Мисс Стейси подошла ближе и прошептала: —
— Как она сгорела?
Ее глаза загорелись гневом:
— Случайно. Нет… не случайно, а по злому умыслу.
— Вы хотите сказать, что кто-то сделал это намеренно? Но почему? Для чего?
— Из ненависти к Бью. Потому что Бью был красив и добр. Вот почему.
— Вы полагаете, что?..
Я заколебалась, а она хитро сказала:
— Продолжайте, миссис Верлен. Я полагаю?..
— Что кто-то сделал это намеренно? Я не вижу, кому это могло понадобиться.
— Здесь есть очень многое, миссис Верлен, чего вы не видите. Я хочу предостеречь вас.
— Предостеречь?
Еще один клоунский понимающий кивок:
— Нэйпир сжег ее, когда вернулся, ведь мы любили приходить сюда и вспоминать о Бомоне, чего он не выносил. Тогда он избавился от нее… как избавился от Бомона.
— Как вы можете так уверенно говорить? — спросила я почти зло.
— Я хорошо помню. Однажды вечером… было уже темно. Я почувствовала у себя в комнате запах дыма. Я первая это обнаружила. Я вышла из дому и сначала не поняла, откуда идет запах. Потом увидела… бросилась бежать… и бежала, бежала к ельнику, а там… эта прекрасная часовня… а вокруг летают искры… Я созвала всех, но было уже поздно, пожар не удалось потушить. Теперь это сруб и ничего более.
— Наверное, здесь было очень мило, — сказала я.
— Да, замечательно. Здесь царил мир и покой. И мой дорогой Бью был здесь. Вот почему Нэйпир не смог этого перенести. Вот почему он ее сжег.
— Но ведь нет никаких доказательств, — начала я и остановилась, а затем торопливо добавила: — Я должна еще подготовиться к занятиям, так что, пожалуй, мне пора.
Она рассмеялась.
— Похоже, вы собираетесь оправдывать его. Я же говорила, вы еще встанете на его сторону.
Я сказала холодно:
— Не в моих правилах вставать на чью-либо сторону, мисс Стейси.
Она снова засмеялась и сказала:
— Да ведь нам часто приходится делать то, что не в наших правилах, не так ли? Вы вдова. Я в некотором роде тоже, — ее лицо неожиданно омрачилось и стало совсем старым. — Я понимаю… А он… ну, что ж, некоторых привлекает зло.
Я сказала резко:
— Решительно не понимаю вас, мисс Стэйси, и мне в самом деле нужно работать. Благодарю, что вы показали мне эти… руины.
Я повернулась и быстро ушла.

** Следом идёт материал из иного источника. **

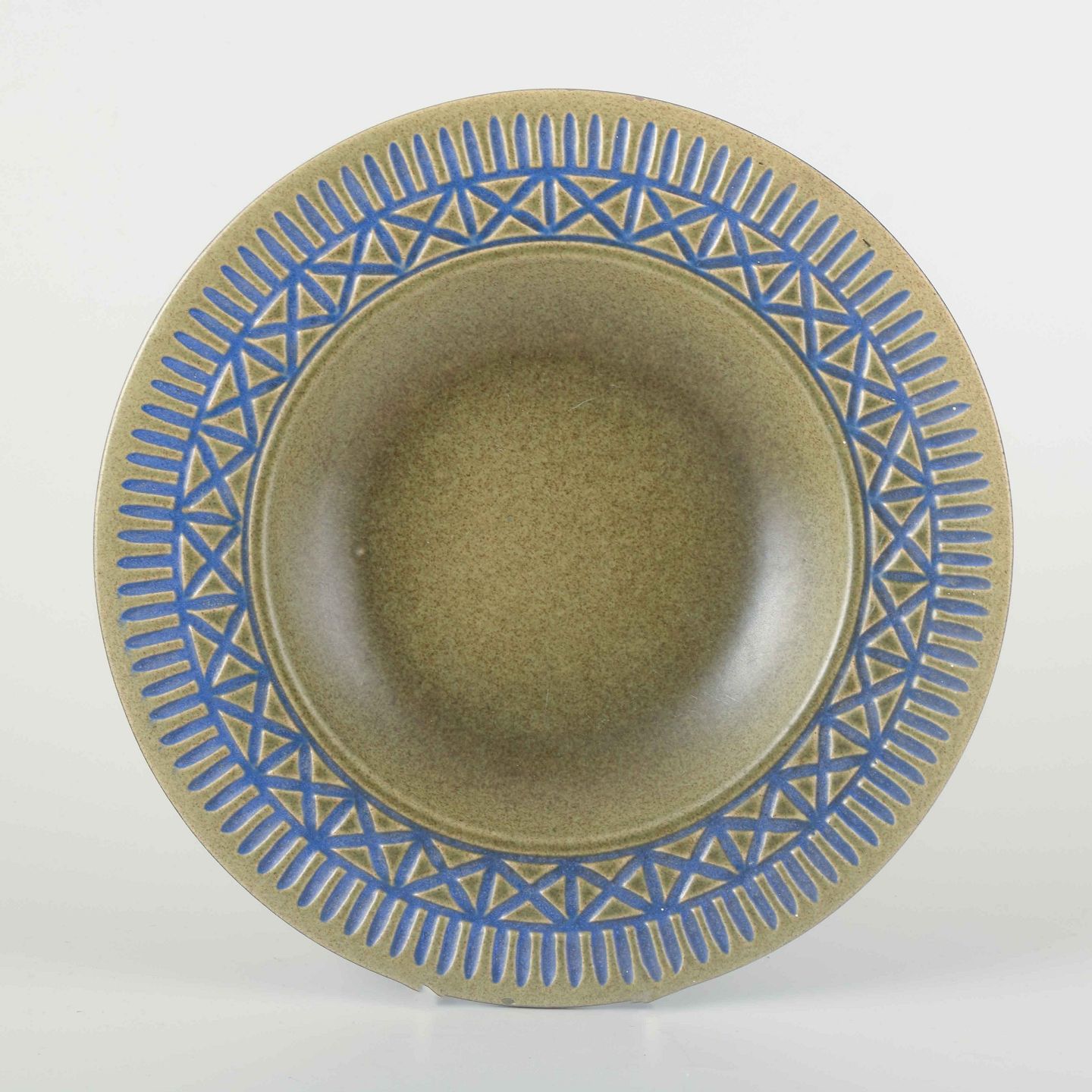 Dekorativ skål i stentøj med olivengrøn glasur og geometrisk reliefdekoration i blå og sandfarvede toner omkring randen.

Разговор с ней произвел на меня не только неприятное, но и отчетливо зловещее впечатление.
Двумя днями позже произошло еще более неприятное событие.
Я направилась в классную, разыскивая Эдит, и уже хотела открыть дверь, как вдруг услышала ее голос, почти крик, в котором слышалось страдание:
— А если я не стану, ты расскажешь? О… как ты можешь!

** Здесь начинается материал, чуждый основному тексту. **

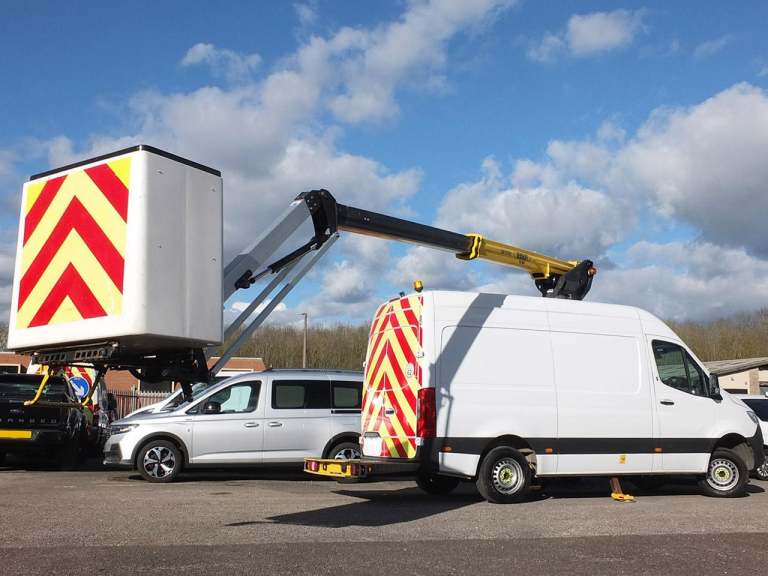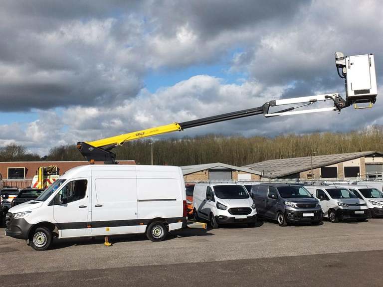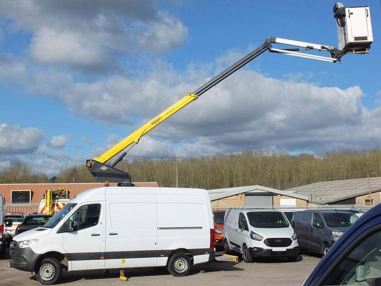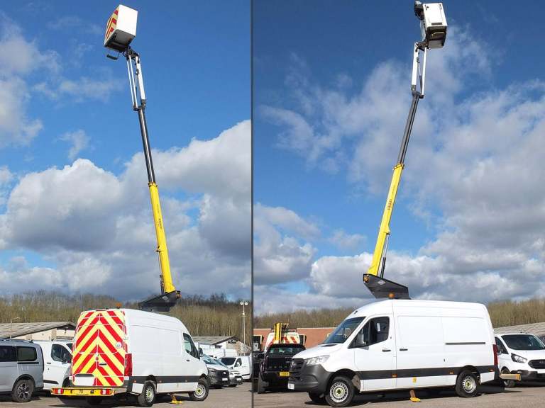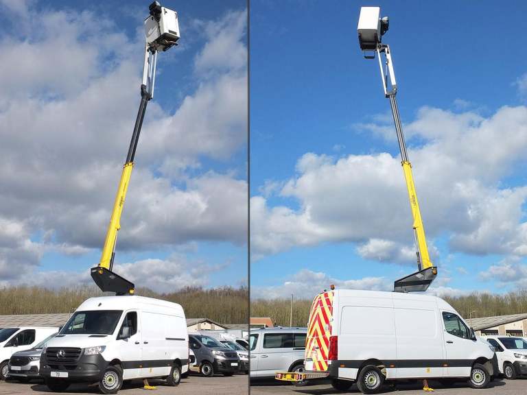 3 Seats - Dual Passenger Seat with Under-Seat Storage, Mercedes PRO Connect Telematics System (Subscription Required), Fully Lined-Out, Heavy-Duty Wooden Floor, Full-Height Steel Bulkhead, Unglazed Twin Rear Doors - Open 270º with Magnetic Retention, N/S Sliding Side-Loading Door, L2 H2 Medium Wheelbase Med Roof Height 3.5 tonne / 3500 kg GVW Panel Van Based Telescopic Platform - Perfect for Street Lighting / Highway Maintenance - CAN BE DRIVEN ON A STANDARD CLASS B CAR LICENCE

Меня потрясли не столько слова, сколько душевная мука, с которой они были произнесены.
Я остановилась, не зная, что предпринять. Не хотелось, чтобы кто-нибудь решил, будто я подслушиваю. Все-таки в доме я новый человек и, возможно, излишне драматизирую ситуацию. Не стоит в этих девочках видеть больше, чем просто детей.

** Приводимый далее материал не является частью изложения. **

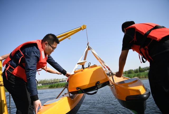 工作人员准备把水质监测无人船下放白洋淀水面。(新华社记者 朱旭东 摄)

Этот момент был гораздо более важным, чем мне подумалось тогда. Сколько раз впоследствии я ругала себя, что не осмелилась войти в комнату. Вместо этого я тихо и осторожно удалилась.
Эдит ссорилась в классной с кем-то, кто угрожал ей.
Оправдать меня могло только то, что я считала их детьми.
Полчаса спустя, когда я занималась с Эдит, она играла так ужасно, что я даже подумала: “Она никогда уже не будет играть лучше”.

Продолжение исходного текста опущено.